To address these questions, researchers have sought to better understand the non-linear dynamics of wealth distributions through quantitative modeling. These approaches include the generation and redistribution of incomes and costs among agents within model societies (6–9), and the derivation of long-term steady-state wealth distributions (3–5, 10, 11). In much of this work, agents representing individuals or households (often with life cycles) grow or lose wealth through a multiplicative (geometric) stochastic process. This modeling choice is well supported empirically and introduces a number of key parameters as an agent’s resources (or wealth), r, evolve exponentially with mean growth rate (over time), γ, fluctuate with standard deviation (volatility), σ (3, 12, 13), and vary across individuals of a population with standard deviation σγ (14, 15). These parameters describe the statistical dynamics of wealth in heterogeneous populations and the emergence of inequality across various timescales.

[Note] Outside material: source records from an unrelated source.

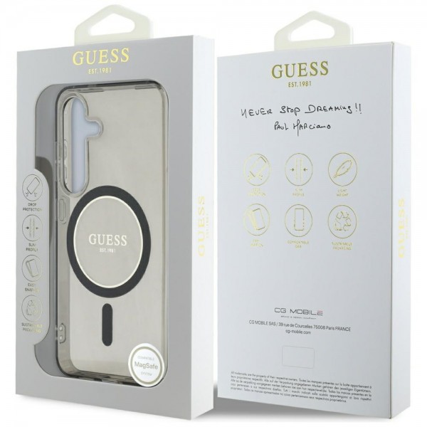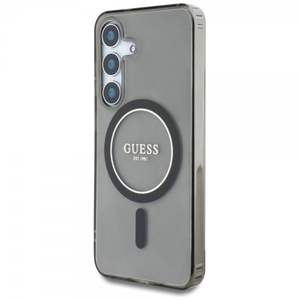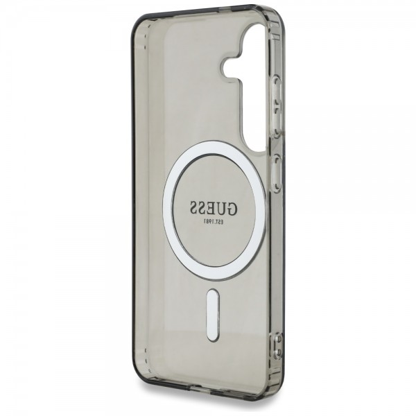 Guess Samsung S25 Case MagSafe Glitter Circle Black. Glitter Circle Classic Logo MagSafe is an exclusive line of protective cases that combines both exceptional functionality and stylish, unique design. This collection was created for people who value not only the security of their phone, but also an elegant appearance.
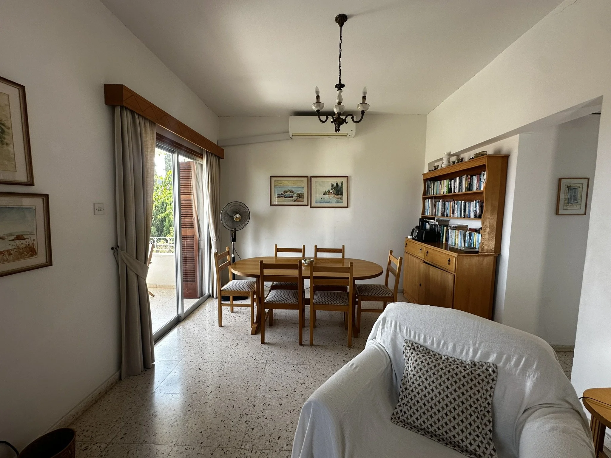The villa has a spacious hall with a marble floor, a sofa and table. From the hall, steps lead up to the open plan dining and sitting area with A/C. Two large sofas with a matching chair face sliding glass doors that open onto the balcony revealing fantastic views to the sea.
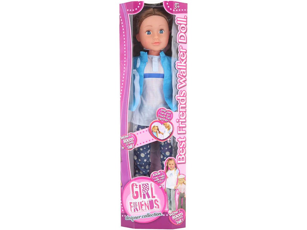 Krásná velká chodící panenka s tmavě hnědými vlásky. Panenka má pohyblivé nohy a ruce a lze s ní chodit - držením za ruce a tažením panenky vpřed se automaticky pohybují i nohy. (mechanická
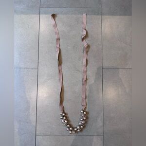 This ribbon and bead necklace is from J Crew. It is 45” long and the part with the pearls is 8”. It is meant o be tied behind your neck and you can adjust the length of it yourself. Excellent condition.

The statistics of heterogeneous growth rates are particularly important, as they are the predominant drivers of inequality over long times (14). In such contexts, agents with higher average growth rates amass more relative wealth, reducing social mobility across populations. This phenomenon has been well known to economists, who have studied its emergence in models of elastic agent decision-making for goods exchanges (16–18), and its aggregate impacts via heterogeneous growth resulting from firm innovation (19) and natural resource abundance (20). Despite the impact of heterogeneity in stochastic growth systems, as observed both in models and in empirical data, we still lack a theoretical explanation for the origins of growth rates and volatilities compatible with stochastic geometric growth models. Specifically, we need a set of general principles and resulting statistical mechanics of agent decisions in stochastic environments to explain how differences in agent behavior result in heterogeneous growth. Such a theory would enable further study into not just how optimal agent decisions contribute to inequality in time but also across levels of social organization (21).

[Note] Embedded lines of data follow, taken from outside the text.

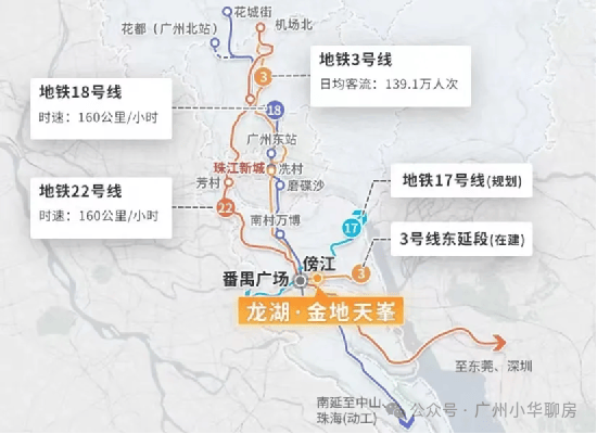 项目位于番禺广场板块,家楼下就是3号线地铁东延段傍江站,现在东延线的工程进度已经达到99%,距离开通时间不远啦
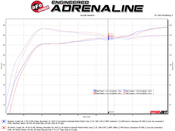 Performance Gains: This system produced gains of up to +6 HP and +5 lbs. x Ft. TQ., as measured on our in-house dyno.3" - 2-1/2" 304 Stainless Steel Construction: This cat-back exhaust system is constructed of 3" - 2-1/2" mandrel-bent, brushed finished 304 stainless steel tubing for maximum strength and durability.High-Flow 304 Stainless Steel Polished Mufflers: This system features high-flow 304 stainless steel polished mufflers, producing a smooth sound. The mufflers has a polished finish for ultimate corrosion resistance.Dual 4-1/2" Diameter Carbon Fiber Exhaust Tips: Finishing off this exhaust system are dual 4-1/2" diameter carbon fiber 304 stainless steel clamp-on exhaust tips. The tips features an aFe POWER logo for a unique style.Installation: Utilizing a factory style flange and hangers this system is a direct bolt-on system, which requires no cutting or modifications for a hassle-free installation.Integrated Mitered Merge Collector: A mitered merge collector is used to decrease turbulence and increase exhaust velocity resulting in increased horsepower, torque and improved throttle response.Computer-Aided Design: Utilizing state-of-the-art computer-aided design technology, this exhaust system is designed for custom, high tolerance factory fitment.TIG-Welded: 100% TIG-Welded for race-proven strength and durability.Emissions Disclaimer: This product does not require a CARB EO#.aFe POWER exhaust systems are engineered and manufactured in our Corona, California facility.
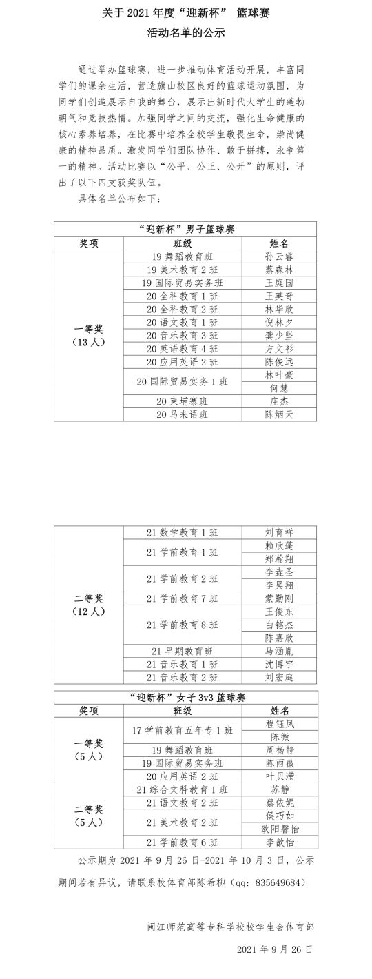 为了进一步推动体育活动开展,丰富同学们的课余生活,营造旗山校区良好的篮球运动氛围,展示我校学子的蓬勃朝气和竞技热情。2021年9月,我校团委学生会体育部在闽江师范高等专科学校旗山校区篮球场,面向超人篮球社以及21级旗山校区全体新生开展主题为“迎新杯”篮球赛活动。
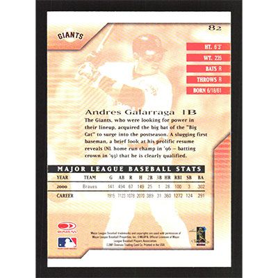 This is a 2001 Donruss Signature Series Andres Galarraga baseball card. The card is #82 and pictures show condition.
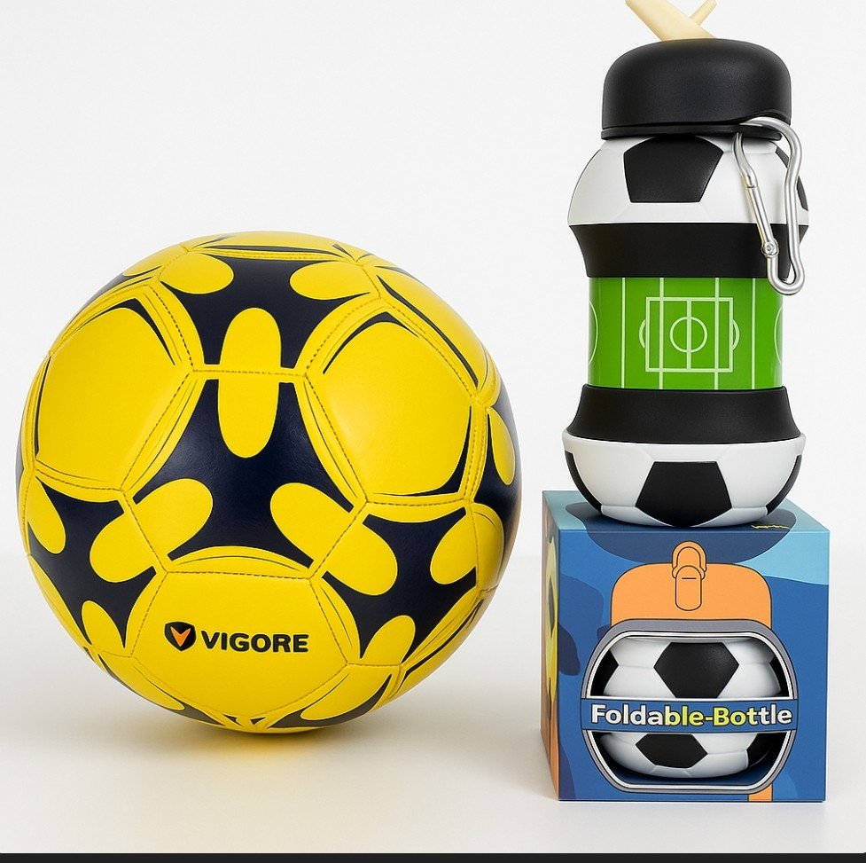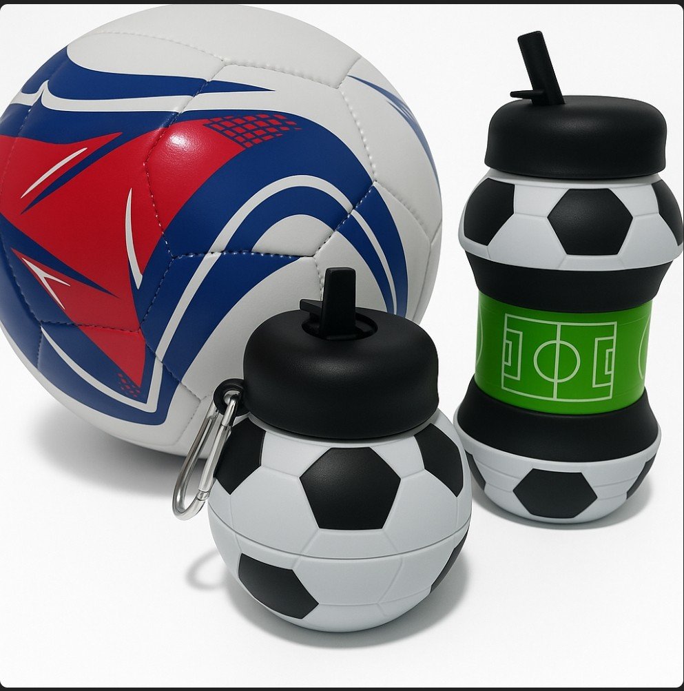 Incluye Pelota + Botella de silicona con forma de pelota de fútbol.

Recent developments in cognitive and ecological sciences can provide some valuable insights into the stochastic dynamics of agent behavior (22). Researchers using noisy decision-making models to explore child and adolescent development have recently rethought the process of human learning in terms of acquiring information through (active and passive) interactions with a knowable, but stochastic external environment (23–25). Similarly, ecologists have formulated natural selection, the process through which a genotype optimally leverages its environment’s structure to maximize population growth (fitness), as a (Bayesian) optimization process (26–30). These approaches describe (individual or collective) agent optimal choices as the result of information they obtain in a noisy, but knowable environment, with information dynamics that are fundamentally Bayesian. This connection between optimal intertemporal decisions, information, and fitness (growth) was previously explored as a mathematical formalism to optimize betting and portfolio investment returns (31, 32). However, its applications to human behavior and population dynamics suggest that it serves a suitable basis for the general statistical mechanics of wealth growth and inequality (30).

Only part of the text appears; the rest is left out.